Acetylation neutralizes the positive charge, weakening the interaction with DNA.

What effect does acetylation of histones have on transcription?

It increases DNA accessibility, promoting gene transcription.

What structural role do long non-coding RNAs (lncRNAs) play in chromatin organization?

They act as scaffolds or guides to recruit chromatin-modifying complexes.

In what type of duplex is A-form DNA commonly found?

DNA-RNA or RNA-RNA duplexes.

How many base pairs per turn are found in A-form DNA?

Approximately 11 base pairs per turn.

Which DNA form is left-handed?

Z-DNA.

What is the dominant DNA form found inside cells?

B-form DNA.

What structural feature of B-form DNA is critical for protein-DNA interactions?

The presence of distinct major and minor grooves.

What happens to DNA structure if the base pairs per turn deviate from 10.5?

Torsional stress arises, leading to supercoiling.

What is the linking number (Lk) in DNA?

It is the total number of times one DNA strand wraps around the other in a closed circle.

What happens if two turns are removed from a relaxed DNA circle (ΔLk = -2)?

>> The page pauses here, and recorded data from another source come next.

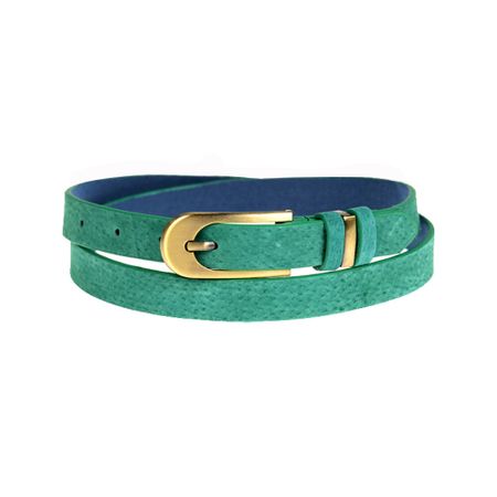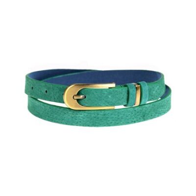 Женский ремень из натуральной кожи с текстурой замши от бельгийского бренда Jane's Story. Ремень с металлической пряжкой станет оригинальным акцентом вашего образа. Размер ремня (с пряжкой) — 103*2 см.
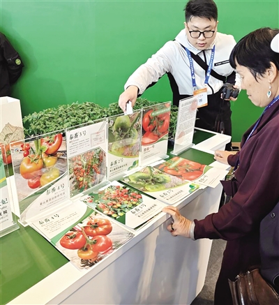 在“好品山东”推介专场,“泰山番茄”令人瞩目。嘉宾现场试吃,感受其浓郁的汁水与果香。泰山番茄协会负责人为现场嘉宾讲述了“泰山番茄”的成长故事:“我们建立了全国最大的番茄战略种质资源库,收录各类番茄种质资源1万余份,成功培育出以‘泰番’系列为代表的40余个番茄新品种……打破了国外番茄种源垄断。”该负责人表示,此次专题推介成功将“泰山番茄”这一明星单品推向了京津冀市场。
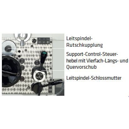 Interessante Besonderheiten stellen die an den Werkzeugschlitten angebauten R/L-Steuereinheiten dar, durch die auf einfache Weise der Rechts- oder Linkslauf der Drehspindel angesteuert wird. Sie ersetzen die bei Universaldrehmaschinen üblichen Schaltwellen.
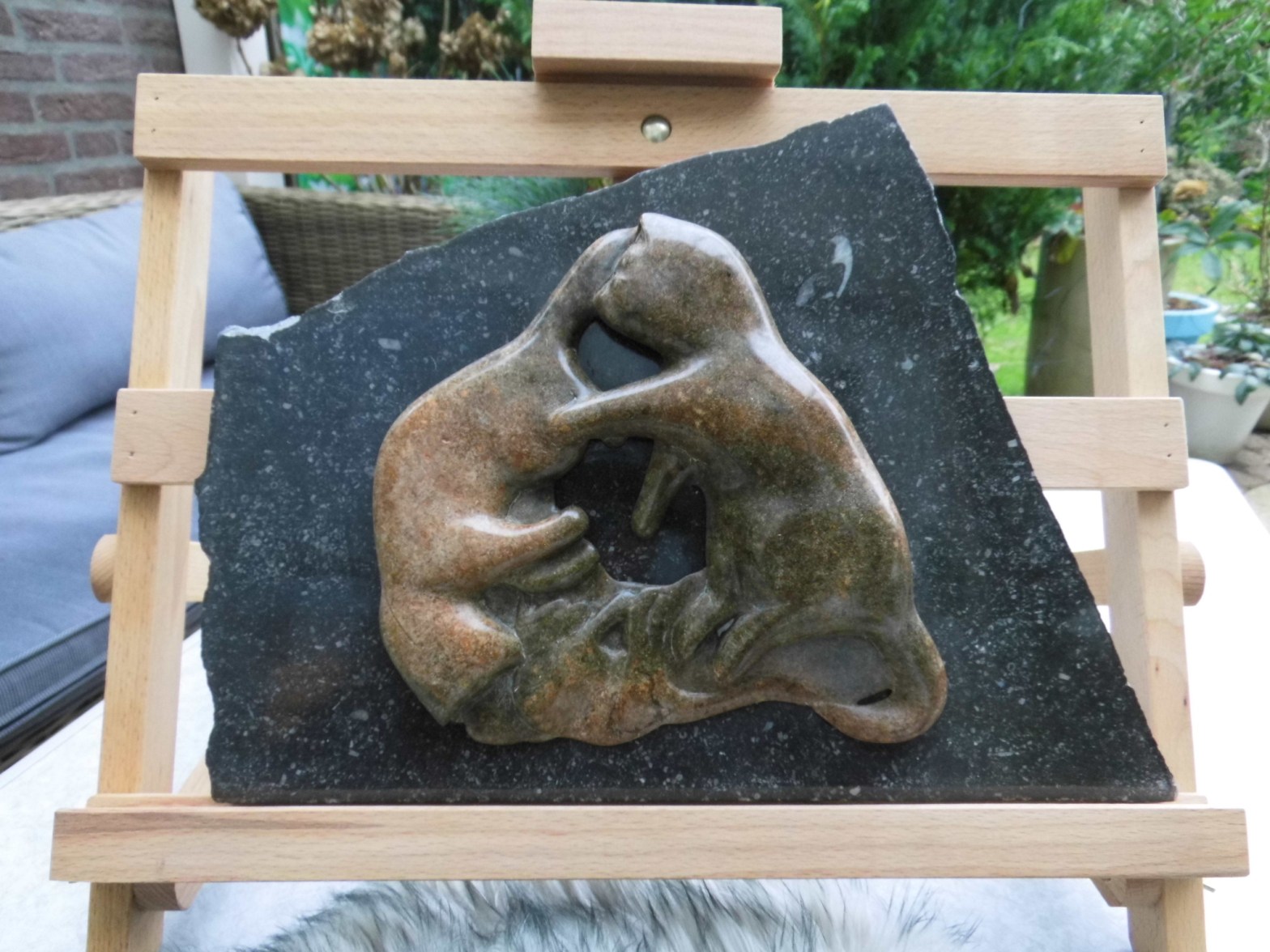 Katten spelend in reliëf. Het materiaal is Braziliaans speksteen, de ondergrond Arduin, oftewel Belgisch hardsteen. B 37 cm x H 26 cm x d 5 cm, ong. 3 kg.
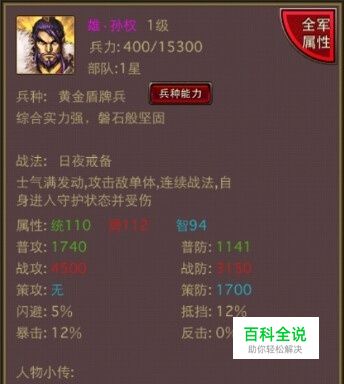 属性:统110 勇112 智94 招募费用:15000 兵种介绍:综合实力强、磐石般坚固 战法介绍:士气满发动,攻击敌单体,连续战法,自身进入守护状态并受伤 攻击系数:555 普防系数:1255 战防系数:1190 策防系数:700 闪避:5% 抵挡:12% 暴击:12% 反击:0%
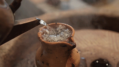 第一杯茶需要将小茶罐放于火盆上细心烘烤,再放入适量的茶叶,在抖动颠簸中让茶叶加热、变黄,散发阵阵清香。然后注入沸水,因为响动大,又被称为“雷响茶”。第一杯茶闻起来清香,入口带着青涩的苦味。
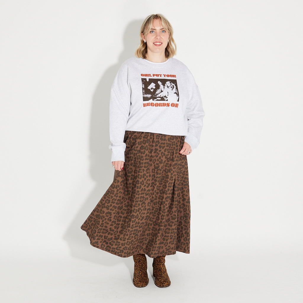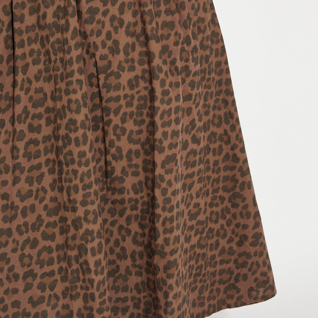 Chocolate brown leopard print A-line skirt. A new colour for autumn from Danish brand Black Colour, featuring an elasticated waistband and pockets!
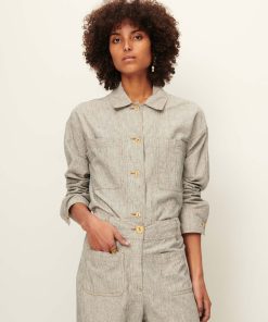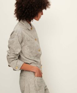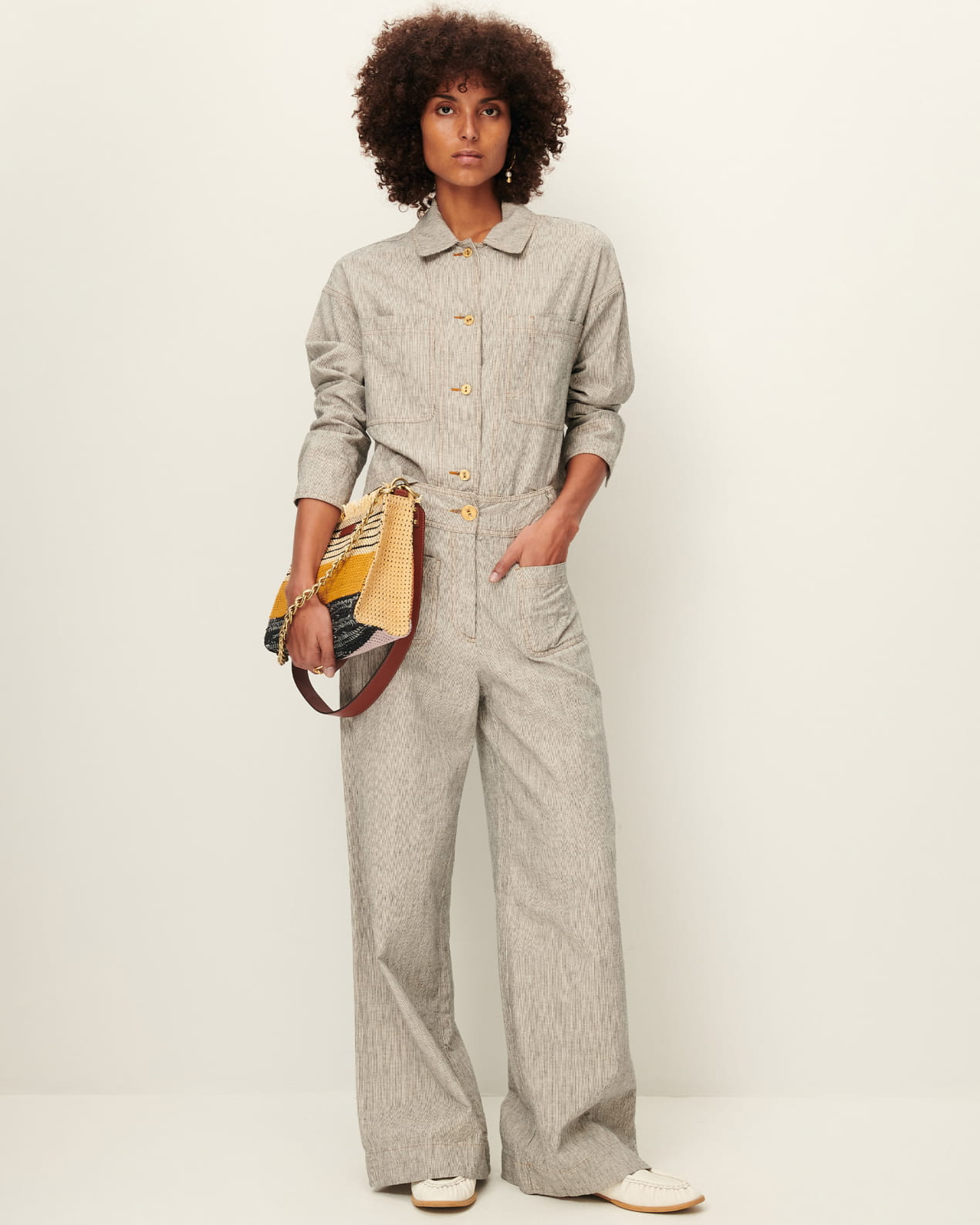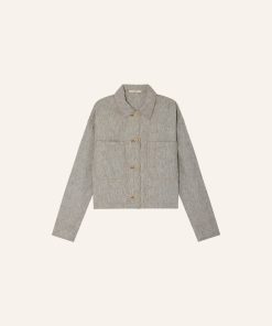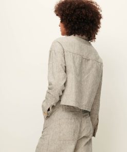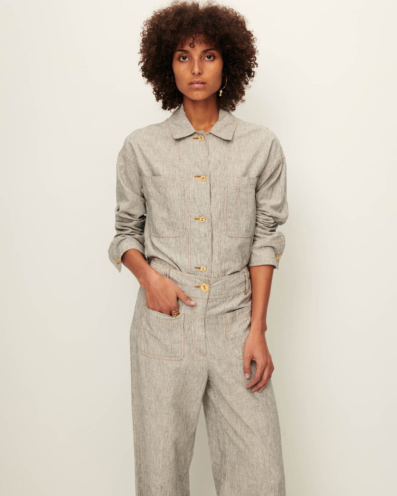 Overshirt with patch pockets in two-tone striped textured slub-yarn cotton-linen fabric, woven in Spain.
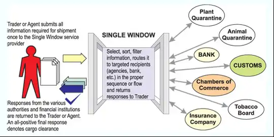 These inevitable various controls can be carried out through the Single Window system, supported by information technology, and is an optimized process. A Single Window's benefits are shown in the following two diagrams, exemplifying trade with and without a Single Window:
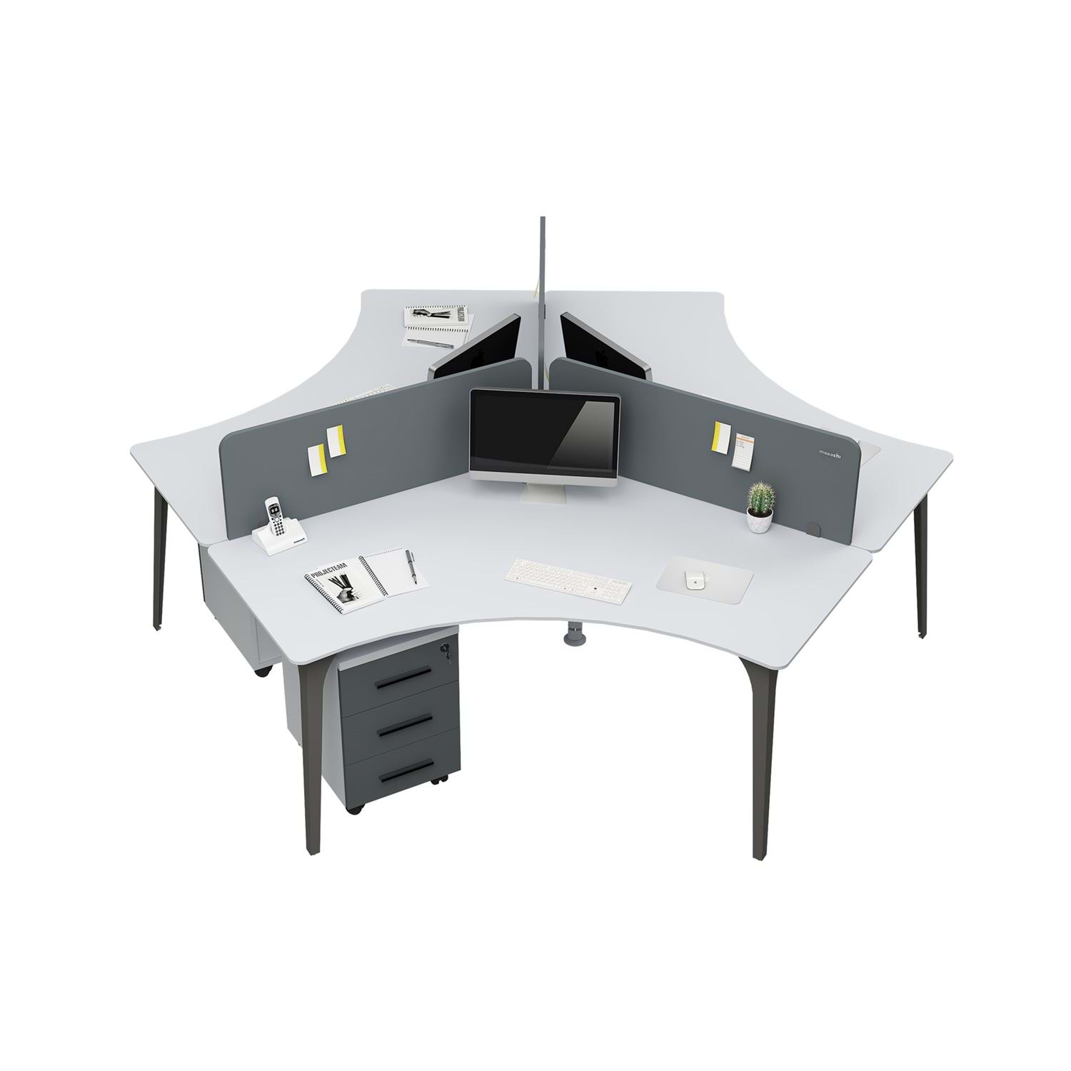 Çoklu çalışma masası ortak alan çalışma odalarında kullanıma uygun ebatlarda üretişmiştir. Ofis masası, ergonamik tasarımı ile tek alanda çoklu çözümler üretebilmektedir. Ofis mobilyasında bulunan bölücü panel tasarımı melamin malzemeden üretilmiştir.
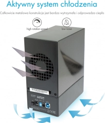 Jednoduchá výmena diskov bez zložitej demontáže a 60 mm ventilátor pre stabilné teploty a dlhšiu životnosť HDD.
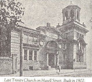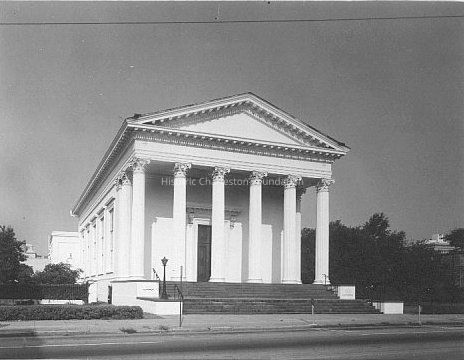 Constructed 1848-50. Edward C. Jones, architect. Perhaps the least altered of Charleston's late-Greek Revival church buildings, Trinity was actually constructed for the Third (later Westminster) Presbyterian Church. Often compared to the Church of the Madeleine in Paris and its predecessor the Mason Carré at Nimes, primarily due to its monumental Corinthian-columned portico and massive dual flight of stone steps, the building nonetheless reflects its region with its large winding and contemporary technology with its cast column capitals. Inside the church's louvered shutters over the tall windoews, open galleries, and central apse, decorated with molded plaster anthemions and other embellishments and flanked by four Corinthian columns, portends the end of the simplicity of the Greek and the emergence of the Roman Revival and the more elaborate styles of the late antebellum period. In 1926 the Trinity Methodist congregation, sited at Hasell Street and Maiden Lane since 1792, purchased the building when Westminster Presbyterian Church moved to an uptown location. The Trinity congregation brought with them a large Tiffany window donated in memory of George Walton Williams, builder of the Calhoun Mansion, installing it in an existing chapel at the southwest end of the church.

Negative supercoiling forms.

Why is negative supercoiling beneficial for cells?

It makes DNA easier to unwind for replication and transcription.

How does positive supercoiling affect DNA?

It makes DNA more tightly wound and harder to separate.

Which type of topoisomerase introduces negative supercoils into DNA?

Type II topoisomerase, specifically DNA gyrase in prokaryotes.

What energy requirement distinguishes Type I from Type II topoisomerases?

Type I does not require ATP; Type II requires ATP.

What is the typical change in linking number caused by Type I topoisomerases?

±1.

What is the typical change in linking number caused by Type II topoisomerases?

±2.

What types of supercoils can Type I topoisomerases relax?

Both positive and negative supercoils.

What types of supercoils can Type II topoisomerases relax and introduce?

They can relax both types and introduce negative supercoils.